● What to do
In the entries below, begin at the line that has "乘船欣赏两岸璀璨灯火与风格各异的桥梁,感受天津独特魅力。" and stop after the line that has "The Message Says: To"; output those lines exactly, leaving out pictures.

● Data in this exercise
___
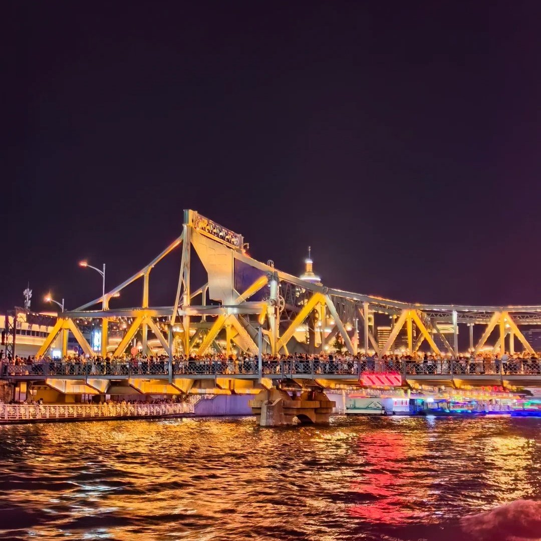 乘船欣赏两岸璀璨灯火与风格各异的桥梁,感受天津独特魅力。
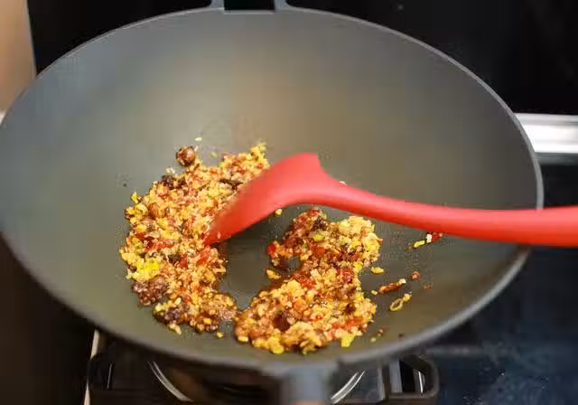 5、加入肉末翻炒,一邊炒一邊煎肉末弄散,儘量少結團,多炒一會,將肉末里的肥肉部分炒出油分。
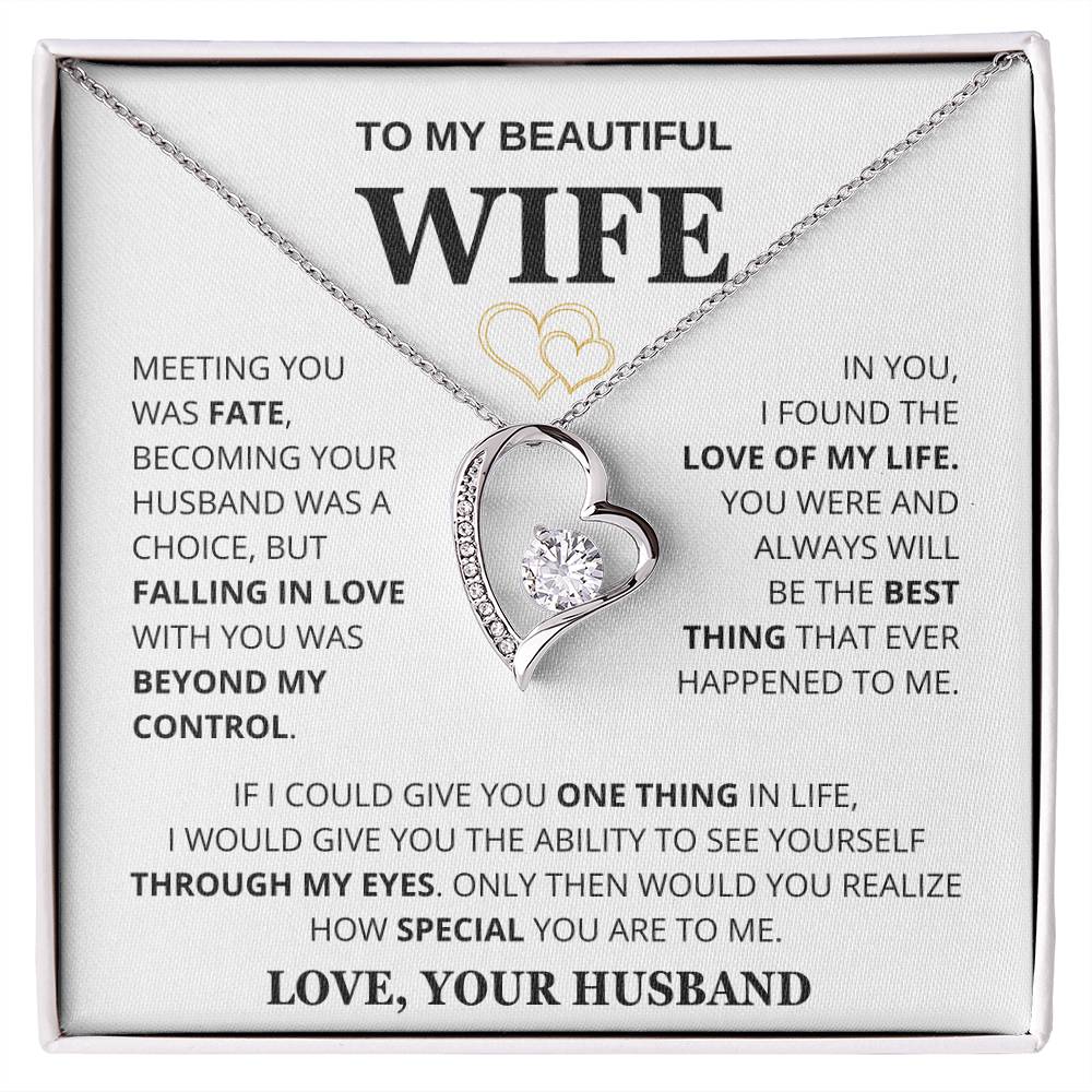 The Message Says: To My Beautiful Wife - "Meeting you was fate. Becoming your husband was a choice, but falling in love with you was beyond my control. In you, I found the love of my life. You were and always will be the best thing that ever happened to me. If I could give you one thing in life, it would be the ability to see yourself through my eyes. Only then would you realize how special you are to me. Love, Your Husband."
___
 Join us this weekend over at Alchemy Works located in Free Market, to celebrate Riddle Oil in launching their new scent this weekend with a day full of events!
___
● Expected answer
 乘船欣赏两岸璀璨灯火与风格各异的桥梁,感受天津独特魅力。
 5、加入肉末翻炒,一邊炒一邊煎肉末弄散,儘量少結團,多炒一會,將肉末里的肥肉部分炒出油分。
 The Message Says: To My Beautiful Wife - "Meeting you was fate. Becoming your husband was a choice, but falling in love with you was beyond my control. In you, I found the love of my life. You were and always will be the best thing that ever happened to me. If I could give you one thing in life, it would be the ability to see yourself through my eyes. Only then would you realize how special you are to me. Love, Your Husband."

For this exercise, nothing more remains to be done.